A new MAMBO data paper presents a standardised set of LiDAR vegetation structure metrics derived from airborne laser scanning (ALS) data, offering valuable insights for cross-site ecological monitoring and habitat assessment across Europe. The study, led by Prof. W. Daniel Kissling and co-authored by Wouter Mulder, Jie Wang, and Yuxuan Shi, provides harmonised datasets for the project's seven demonstration sites in five European countries, enabling consistent vegetation analysis at landscape scale.
The study provides 35 LiDAR-based raster metrics in GeoTIFF format, processed using the Laserfarm workflow. These metrics describe vegetation height, cover, vertical structure, and other structural features across demonstration sites located in Denmark, France, the Netherlands, the United Kingdom, and Malta. The datasets cover a wide range of habitat types, including woodlands, grasslands, wetlands, and Mediterranean shrublands.
The data were derived from national ALS surveys and processed using a standardised computational workflow—Laserfarm—built on the open-source Laserchicken module. The process includes re-tiling, normalisation, feature extraction, and rasterisation, and was executed on the SURF infrastructure in the Netherlands.

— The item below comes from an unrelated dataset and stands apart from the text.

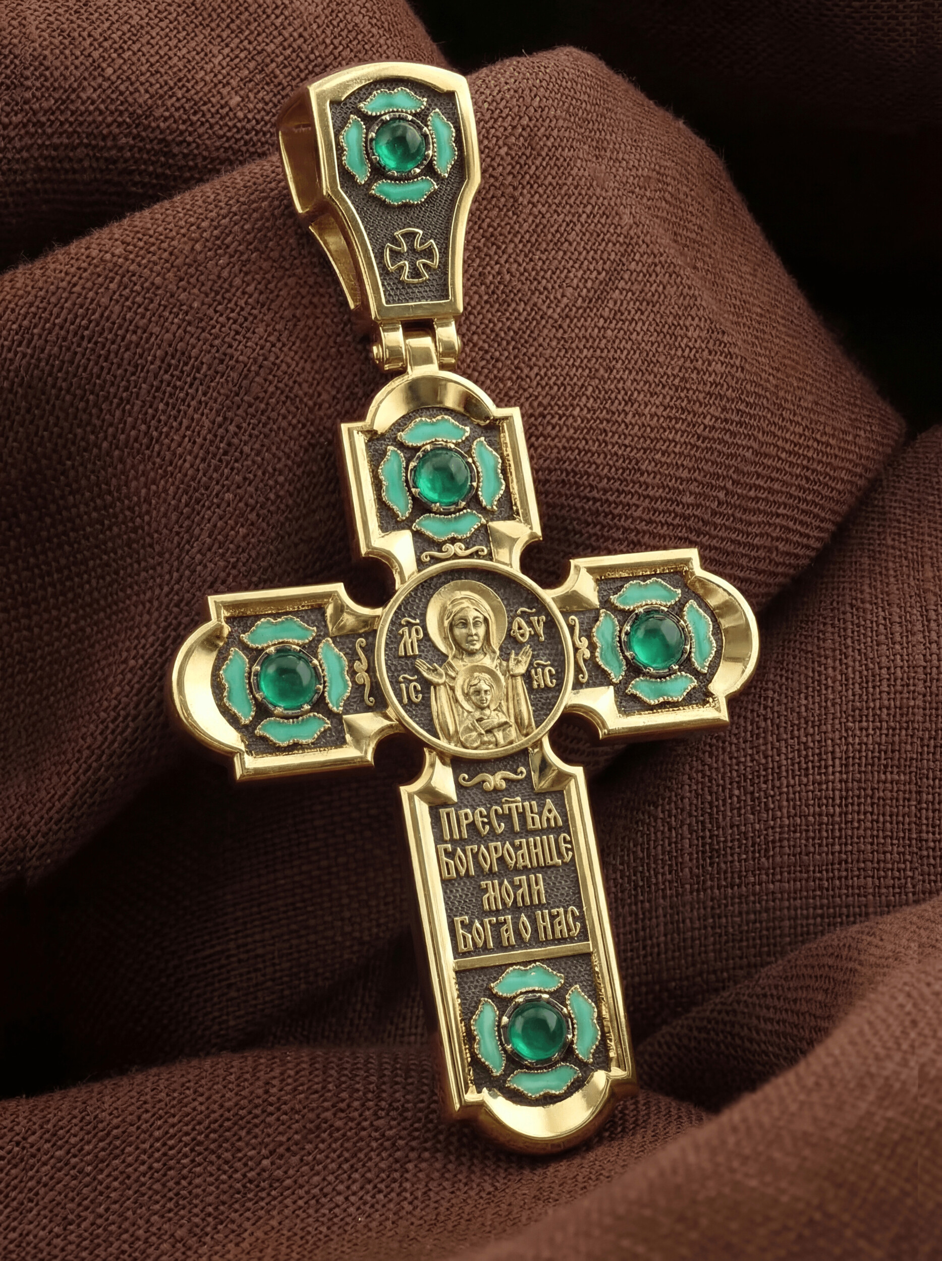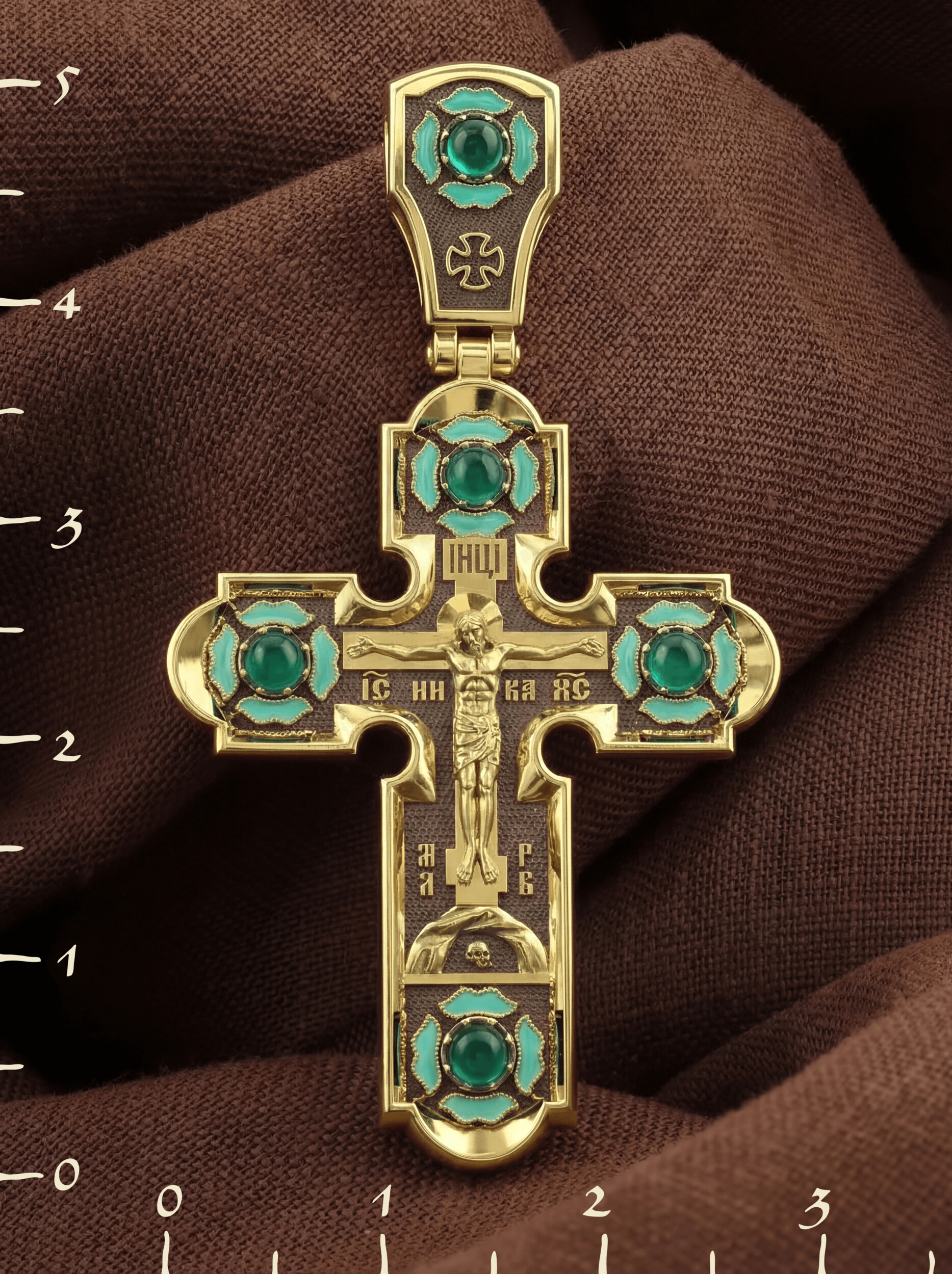 Крест из лимонного золота c эмалью и хризопразом

The following resources accompany the publication:
Zenodo repository containing Jupyter Notebooks for the Laserfarm workflow, derived data products (GeoTIFFs), visualisations (PDF maps), and site boundaries (shapefiles):
https://doi.org/10.5281/zenodo.14745309
WorkflowHub entry hosting the Laserfarm Jupyter Notebooks:
https://workflowhub.eu/projects/302#workflows
Public repository for the clipped ALS point cloud data used in the study (excluding Comino, Malta):
https://doi.org/10.48546/workflowhub.datafile.5.1
This dataset supports landscape-scale ecological monitoring and enables further research into vegetation structure and biodiversity across European habitats. It also contributes to the standardisation of LiDAR-derived metrics for site-specific monitoring and transnational biodiversity assessment efforts such as Natura 2000.